I was going to write him an apology letter. They thought I was going to go and egg his house or something. The Mannings seemed astonished the Ravens played mostly zero coverage on defense and could often accurately predict what coverage both defenses would be in before the ball was snapped. The Raiders typically stayed in zone and the Ravens attacked, often bringing zero blitzes that forced their defensive backs to cover man-to-man.

Everybody liked you. There were a few bumps in the broadcast. Microphones went in and out several times, and the broadcast cut to commercial while the Mannings were in mid-sentence a few times.

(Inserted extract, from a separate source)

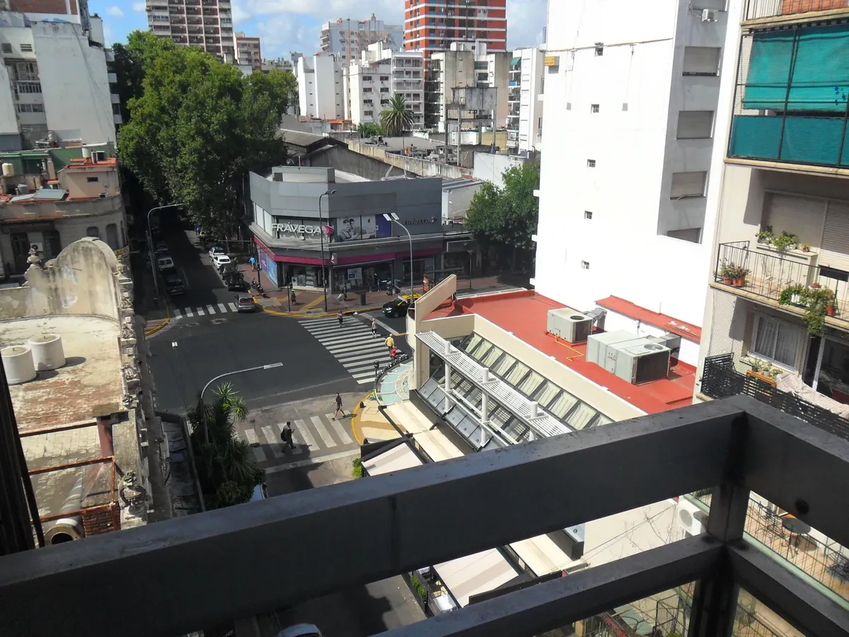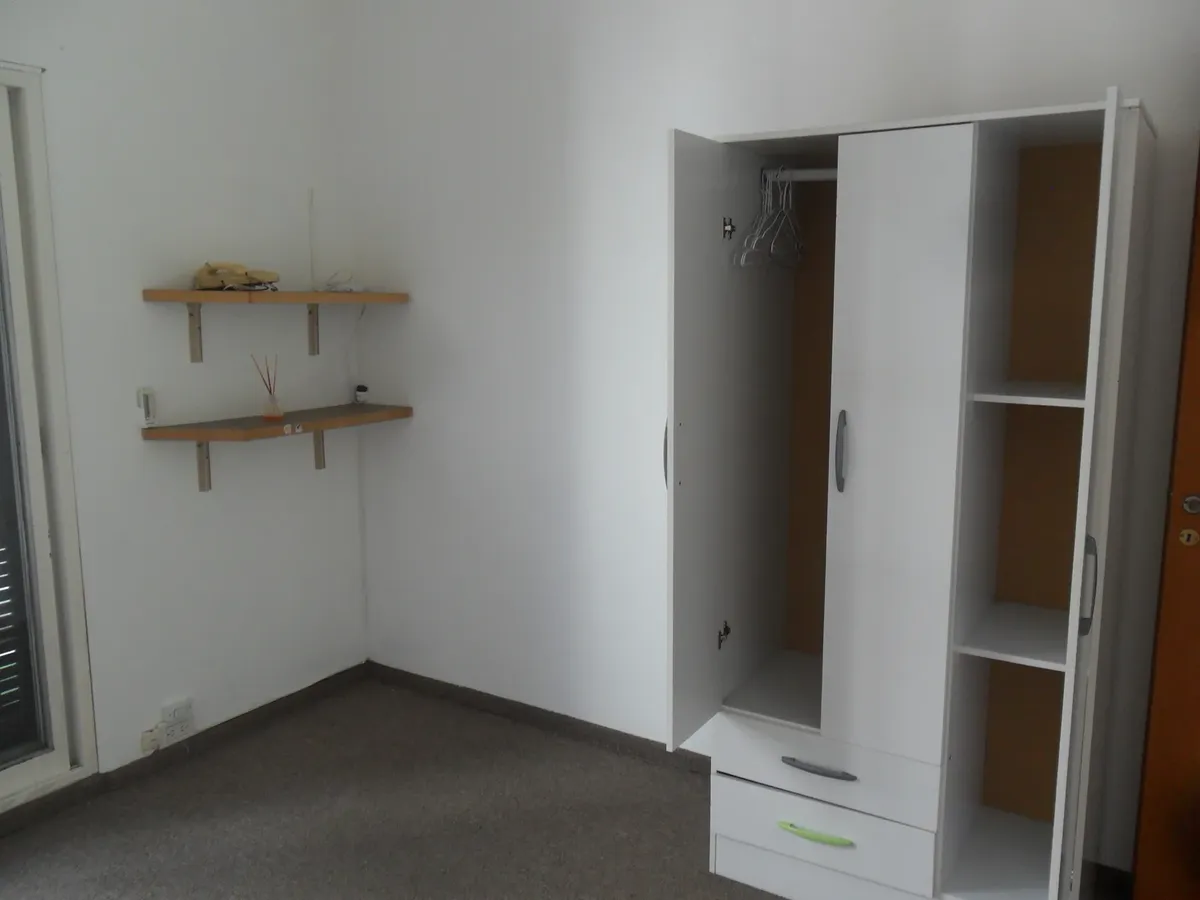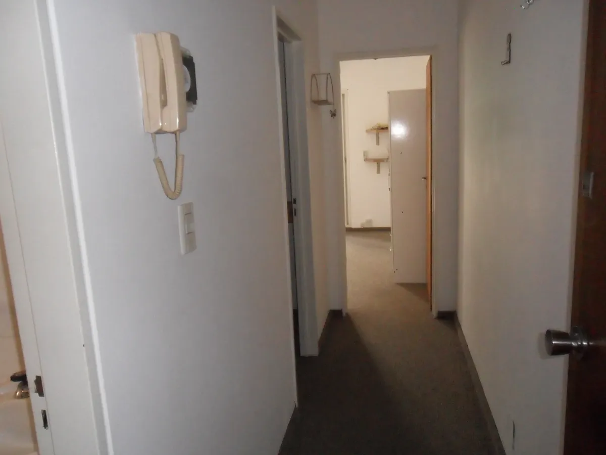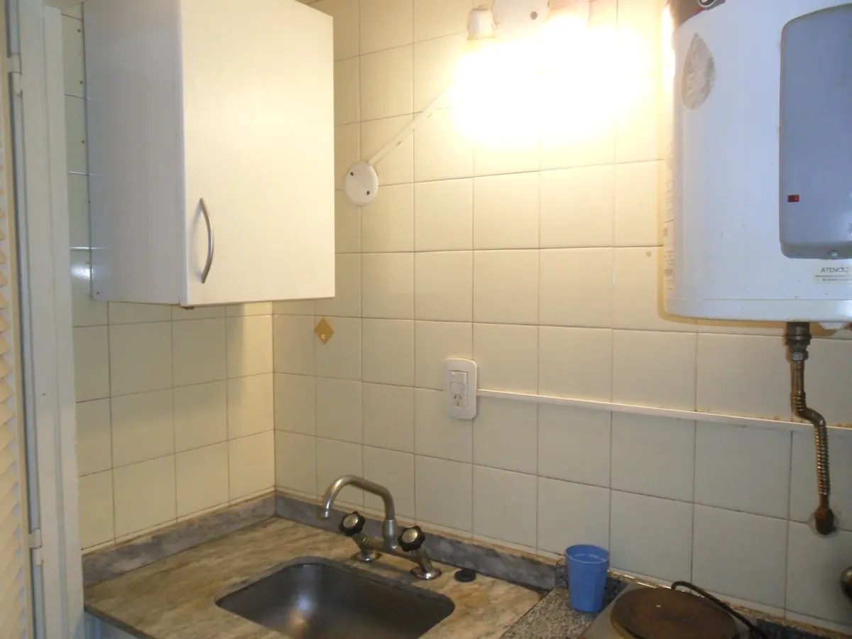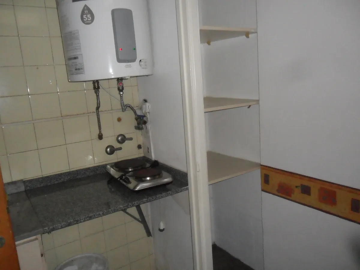 Квартира-студия площадью не указана, окна на улицу (или на запад), с балконом. Пол с ковровым покрытием, установлен кондиционер. В планировке предусмотрены входной холл, коридор, ванная с душем и вентиляционным отверстием, основное помещение с выходом на балкон, мобильный шкаф, американская кухня с бойлером и электрической варочной панелью; есть ниша и полки. В доме 3 квартиры на этаже, всего 8 этажей. Коммунальные платежи здания включают AySA. Договор аренды на 2 года с квартальной индексацией

There was also a fire alarm that interrupted the game just before halftime, and Chiefs tight end Travis Kelce painted the broadcast blue with some foul language in the third quarter. Still, the Manning brothers had a lot of chemistry, doled out a ton of football knowledge, and kept things light with Barkley, Kelce, and two other guests — Ravens Hall of Famer Ray Lewis and Seahawks quarterback Russell Wilson, who was terrific analyzing the action at the end of the game.